Following pre-incubation of the mixture of 1 mmol/l TEA and 10−4 mol/l PE for 20 min to a steady state, the vessel diameters of SHR and WKY rats were 231.62±5.26 and 239.75±7.04 µm, respectively. Successively adding RMF formulated by 1 mmol/l TEA and 10−4 mol/l PE from a low to high concentration to the chamber, it was identified that the diastolic range of SHR by 10−9-10−5 mol/l RMF was 3.74±0.59, 8.58±2.67, 12.14±3.05, 15.89±4.07 and 11.37±5.39 µm, respectively (Fig. 1D); while the diastolic amplitude of WKY rats with 10−10-10−6 mol/l RMF was 6.78±1.26, 13.34±1.94, 15.59±2.09, 16.34±2.37 and 13.49±2.53 µm, respectively (Fig. 1C). Although different concentrations of RMF produced diastolic effects on BAs in a dose-dependent manner, compared with no administration of TEA, the relaxation rate curve of SHR shifted down during 10−8-10−5 mol/l, and a statistically significant difference was identified at the concentrations of 10−7 and 10−6 mol/l (n=7; F=15.47; P<0.05; Fig. 1G). However, the vasodilation rate curve of WKY rats significantly shifted down during 10−9-10−6 mol/l, and the statistical difference was observed with the concentrations of 10−8 and 10−7 mol/l (n=6; F=22.36; P<0.05; Fig. 1G). These indicated that CBA of SHR and WKY rats were relaxed by RMF, which was associated with the opening of BKCa channels. Prior and subsequent to incubation with TEA, the EC50 value of CBA of SHR relaxed by RMF were (4.32±1.22)x10−9 mol/l and (7.54±3.17)x10−9 mol/l, and the difference between them was not statistically significant (n=7; P>0.05; Fig. 1G); while the EC50 value of WKY rats by RMF were (3.09±0.58)x10−10 mol/l and (2.26±0.55)x10−10 mol/l, and neither was statistically different (n=6; P>0.05; Fig. 1G).
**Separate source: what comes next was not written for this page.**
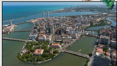
Pontes do Recife.

A cidade do Recife é conhecida para muitos como a Veneza Brasileira por causa de sua paisagem cortada por rios, canais e por várias pontes que interligam os bairros. Construídas com materiais e estilos arquitetônicos diferentes, as pontes constituem um rico acervo do patrimônio material e histórico de Pernambuco. Inaugurada em 1863 a ponte Princesa Isabel foi a primeira construída em ferro. A ponte 06 de Março foi construída na época de Nassau e reconstruída em 1921. A ponte Duarte Coelho atendia aos serviços ferroviários inaugurados em 1868. A Do Limoeiro data de 1881 e serviu ao trem que saía da velha estação do bairro do Brum. A ponte Boa Vista foi concluída em madeira em apenas sete semanas, no ano de 1644. A Maurício de Nassau foi a primeira ponte do Brasil, datada de 1644. A Buarque de Macedo data de 1890 e é a mais extensa ponte do centro do Recife (283,3m). A ponte 12 de Setembro , antiga ponte Giratória por ser originalmente móvel, foi construída em 1923 e substituída por uma estrutura fixa em 1971.

RMF relaxed CBA, which was not related to Kv channel

Following pre-incubation of BA with the mixture of 1 mmol/l 4-AP and 10−4 mol/l PE for 20 min to a steady state, the diameters of SHR and WKY rats were 257.67±5.36 and 273.93±12.79 µm, respectively. Subsequently, RMF that had been prepared with 1 mmol/l 4-AP and 10−4 mol/l PE was added to the chamber from a low to high concentration, and it was identified that the diastolic amplitudes of BA of SHR with 10−9-10−5 mol/l RMF were 6.73±0.77, 17.12±4.48, 22.64±4.99, 27.6±5.36 and 26.20±6.07 µm, respectively (Fig. 1F); while the diastolic range of WKY rats with 10−10-10−6 mol/l RMF were 7.43±1.72, 17.71±3.51, 25.63±4.33, 34.93±5.25 and 29.66±4.53 µm, respectively (Fig. 1E). Different concentrations of RMF still caused diastolic reactions on the vessels of SHR and WKY rats in a dose-dependent manner. Compared with pre-incubation without 4-AP, the diastolic rate curves of SHR and WKY rats marginally moved down, and no significant difference was observed (n=6 and 9; F=2.13 and 2.59; P>0.05; Fig. 1G). Prior and subsequent to incubation with 4-AP, the EC50 values of RMF on BA of SHR were (4.32±1.22)x10−9 mol/l and (4.12±1.16)x10−9 mol/l, and the difference between them was not statistically significant (n=6; P>0.05; Fig. 1G). The EC50 values of WKY rats produced by RMF were (3.09±0.58)x10−10 mol/l and (10.75±3.41)x10−10 mol/l, and neither were statistically different (n=9; P>0.05; Fig. 1G).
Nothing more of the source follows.